Good laws are useless unless they are enforced. Thus the revision of the laws is closely linked with those who will enforce it – the judiciary, the prosecutor’s office and the police. Only if the laws are enforced and respected can there be a rule of law.
The judiciary in a state should be the last bastion for the protection of the rights of the individual. The Supreme Court in Khartoum has, in fact, sometimes overturned decisions in lower courts where defendants have been sentenced without lawyers and on the basis of confessions extracted under duress. Sometimes prosecutors have ended proceedings where security forces have tortured detainees to obtain spurious confessions. But many more prosecutors have accepted the human rights violations carried out by the national security forces and many judges have imposed cruel, inhuman and degrading punishments in unfair trials without the accused benefiting from lawyers or from appeal.
In SPLM areas, the justice system and the rule of law need to be fundamentally strengthened. At present judges have no power to enforce decisions against SPLM commanders and their decisions are reportedly frequently overturned. The Southern Sudanese urgently need a network of independent lawyers who can provide legal aid to all those arrested or charged.
An independent and impartial judiciary is the cornerstone of the right to a fair trial in international law. It ensures that the interests of justice and the requirements of fairness and rule of law are served in a broad sense, including by preventing abuse of power by executive authorities at all levels and other political influences over law enforcement and justice.
Recommendations:
- As a first step to show its seriousness about the rule of law, the President of Sudan should immediately abolish the Emergency Laws before the end of the donors’ conference.

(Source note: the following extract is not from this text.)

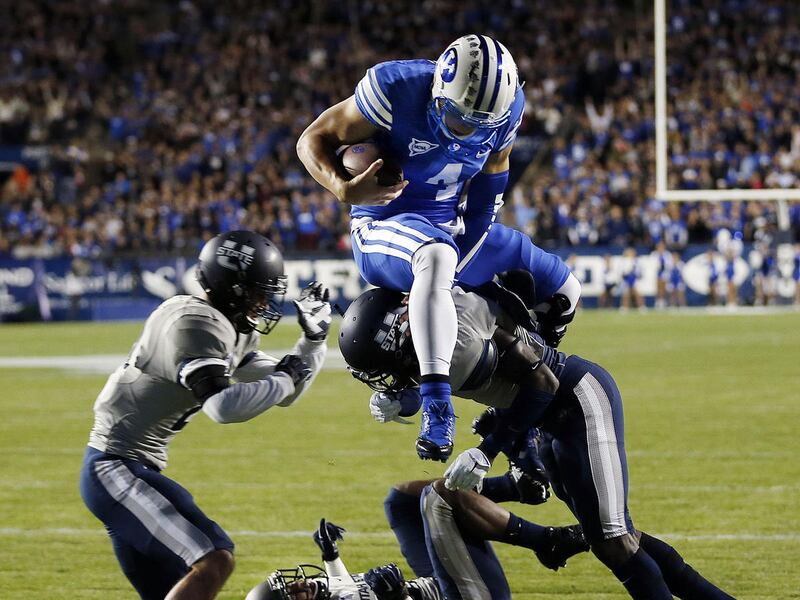 PROVO, Utah — One week before BYU opened its season against the University of Nebraska, Taysom Hill and his wife, Emily, sat contemplating the bruises and breaks in the backfield of his career and the wide-open field ahead.
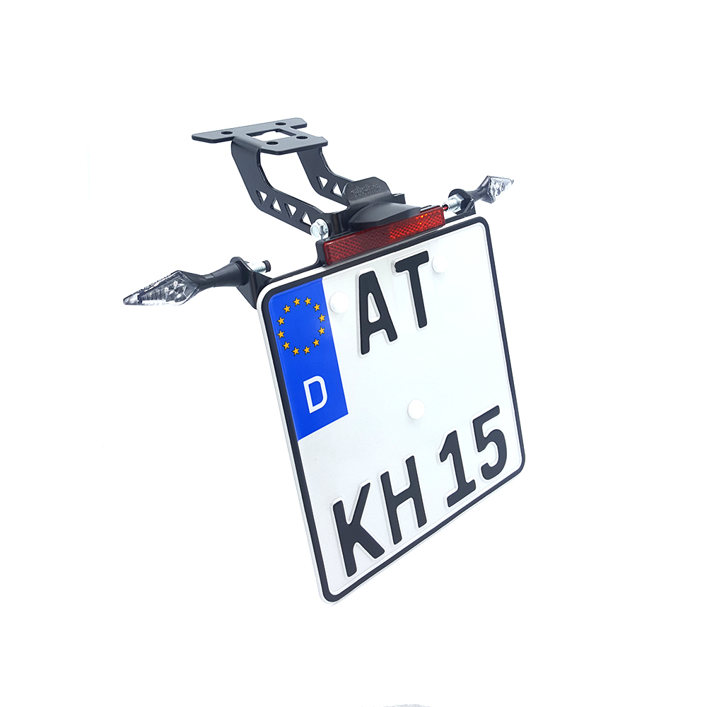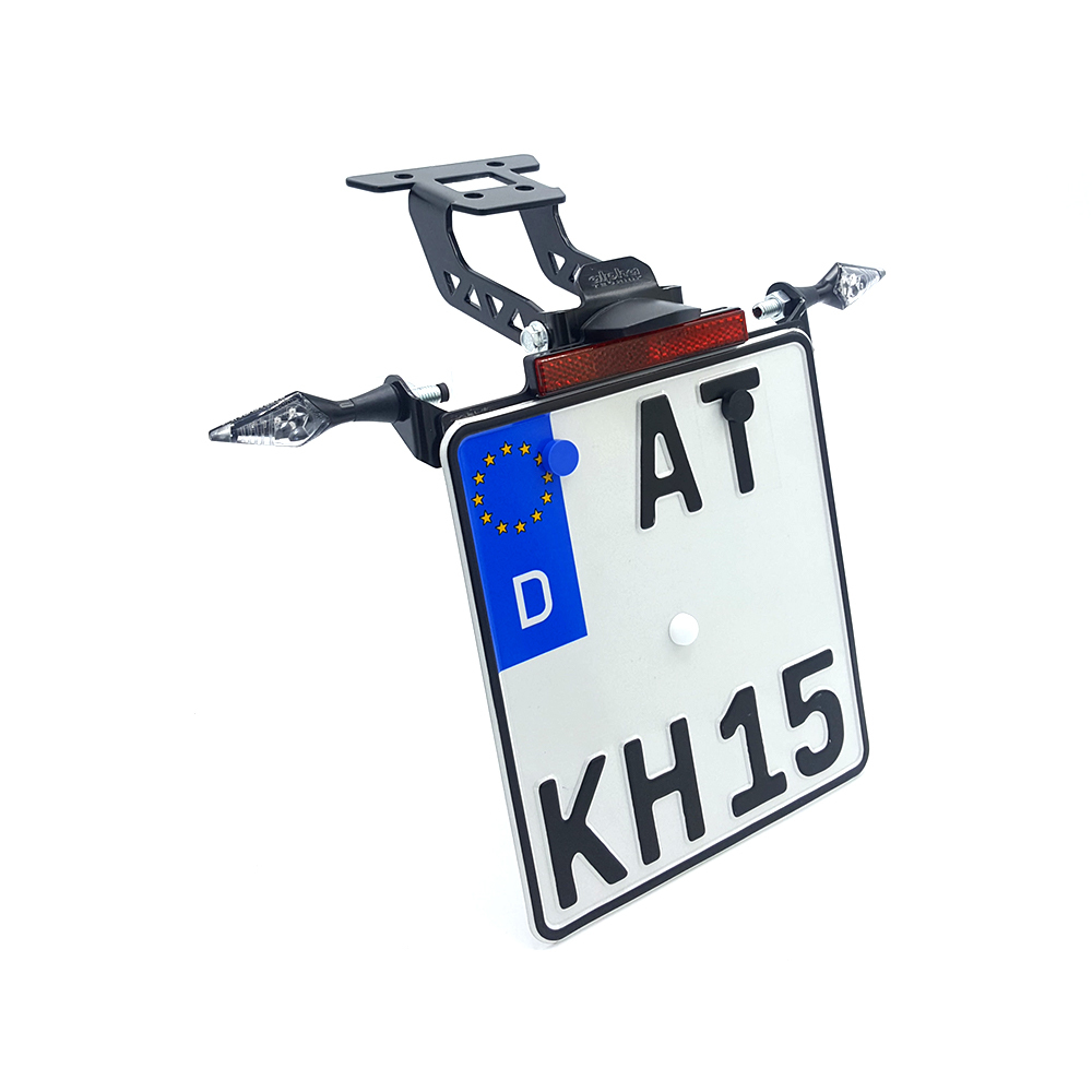 Für die Montage der originalen Blinker sind separate Adapter erforderlich, die unter „Zusatzartikel“ erhältlich sind. Der kurze Kennzeichenhalter ermöglicht eine schnelle und einfache Installation – eine ausführliche Einbauanleitung liegt bei.

- As part of the revision of the laws envisaged in the JAM Framework, National Security Forces Act Article 31 (allowing prolonged detention without charge) and Article 33 (allowing national security forces members immunity from prosecution) and Article 10(i) of the 1993 Law of Evidence (allowing evidence obtained by torture to be accepted) should be abolished without delay;
- Reforms of the law should be drafted in close consultation with Sudanese civil society, including groups working on behalf of the rights of women.

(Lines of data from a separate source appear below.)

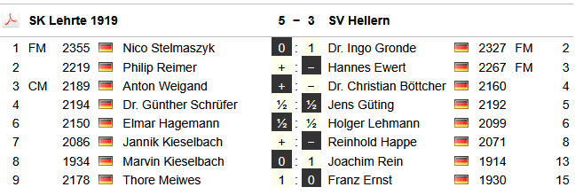 Achsenbruch und weit und breit kein Servicemechaniker in Sicht! So müssen sich die fünf Helleraner gefühlt haben, als sie die Reise nach Lehrte antraten. Nur drei gehörten zum Stamm der Ersten. Und beinahe hätte das Rumpfteam etwas geholt. Aber auch die 3-5-Niederlage fühlte sich wie ein Sieg an. Zwei Partien konnte man sogar als grandios bezeichnen. Und das Mini-Match der Anwesenden gewann Hellern. Die Redaktion gratuliert!
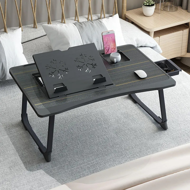 Avec sa structure en plastique noir et son allure moderne, cette table d’appoint pour ordinateur est un véritable atout. Sa capacité à se plier et son réglage en hauteur permettent une grande adaptabilité, faisant d’elle l’option idéale pour ceux qui cherchent l’efficacité sans compromettre le style.
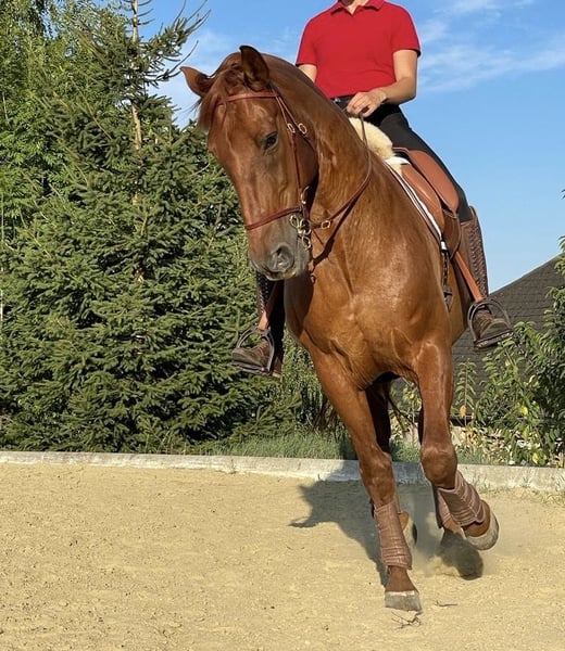 Verkaufe diesen wunderschönen PRE-Andalusier Fuchs. Mit seinem knalligen Rot und seinem Charmanten Charakter sticht er immer von den anderen Pferden heraus.
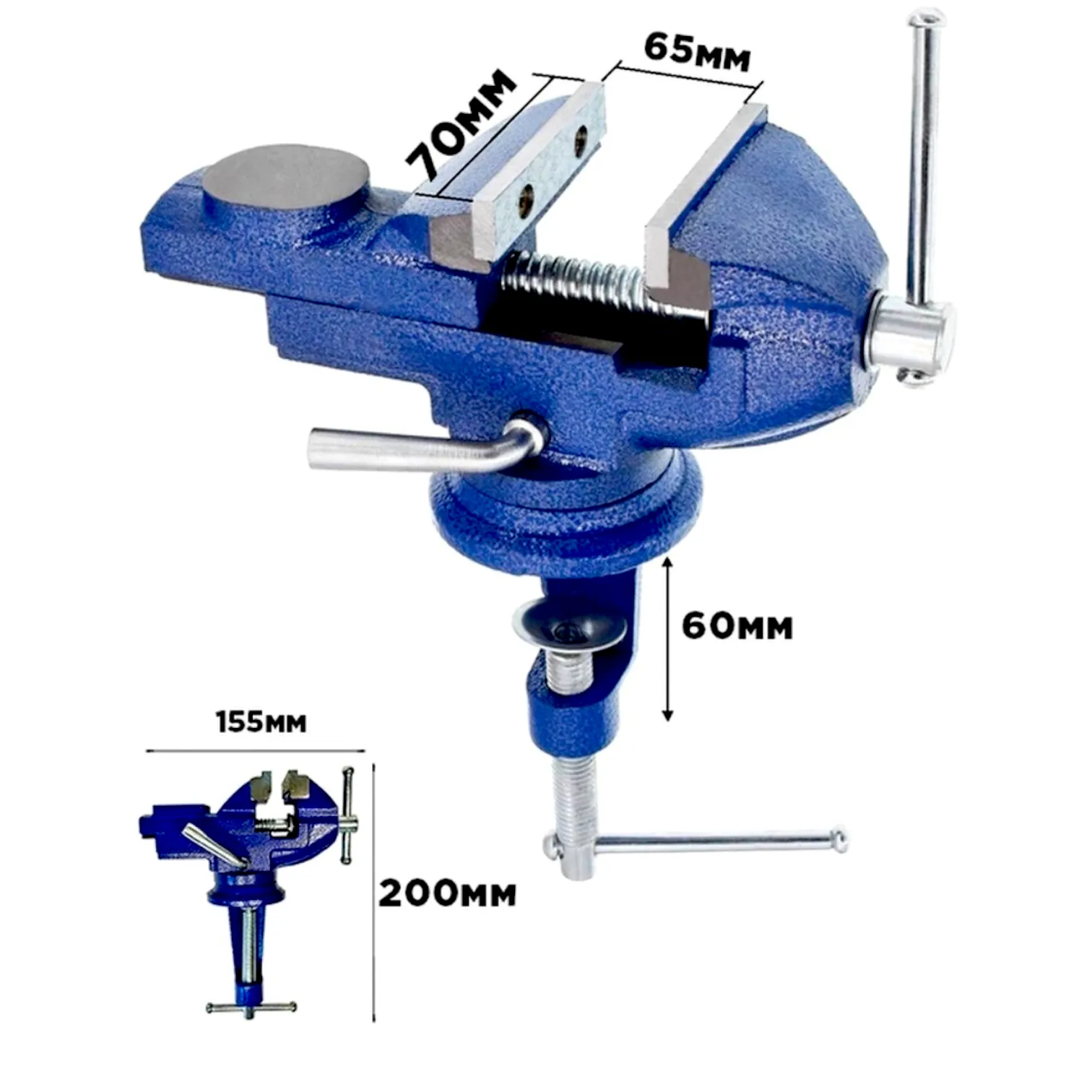 Тиски слесарные 70 мм оснащены механизмом подвижной губки и поворотной основой 0°-360°, которая позволяет обрабатывать детали с разных сторон. Ширина накладок (губок) 70 мм.
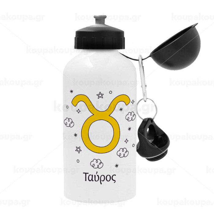 Ζώδια Ταύρος, Metal water bottle, White, aluminum 500ml
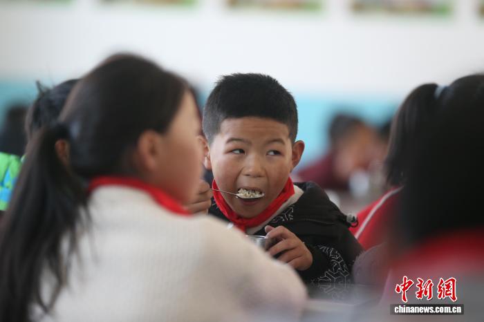 青海义务教育学生营养餐补助 51.31万名学生受益 12月11日,在西宁市湟中区徐家寨小学,学生们正享用营养午餐。近日,青海农村义务教育学生营养改善计划实现扩面升级,享受补助的学生数量从25.83万名增至51.31万名,覆盖全省67.29%的义务教育阶段学生。张忠苹 摄 12-11

- The judiciary and prosecutors from north and south should receive training in human rights standards especially regarding detention and trial.
5. Restructuring the police, retraining the army, and monitoring detention centres
The Sudanese government has used a secretive and unaccountable security apparatus to violate human rights with impunity. The Sudanese national security forces have consistently acted as a tool of oppression rather than a force which protects the people. The fact that up to now, three months since the Comprehensive Peace Agreement, the security forces continue to carry out arbitrary detentions, to hold those suspected of political opposition in prolonged incommunicado detentions without charge or trial, and that lawyers and human rights activists continue to receive many reports of torture, does not give hope for change.

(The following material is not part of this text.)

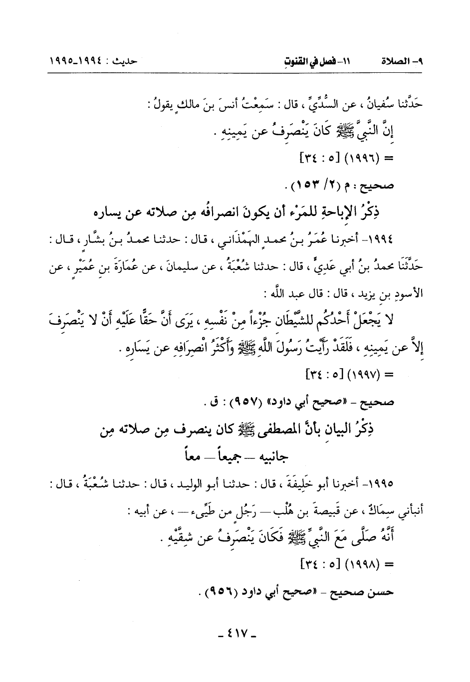 ذِكْرُ الْبَيَانِ بِأَنَّ الْمُصْطَفَى صَلَّى اللَّهُ عَلَيْهِ وَسَلَّمَ كَانَ يَنْصَرِفُ مِنْ صَلَاتِهِ مِنْ جَانِبَيْهِ جميعاً معاً

The JAM Framework stresses retraining for the police which:
"needs to include inter aliaexposure to good international practice; awareness-raising on human rights and statutory laws; crime prevention; investigation and interrogation techniques; and relationships with other security sectors. Monitoring and accountability mechanisms are needed in the correctional system to stem abuses, and to enhance access to justice for vulnerable groups, including displaced women and juveniles. "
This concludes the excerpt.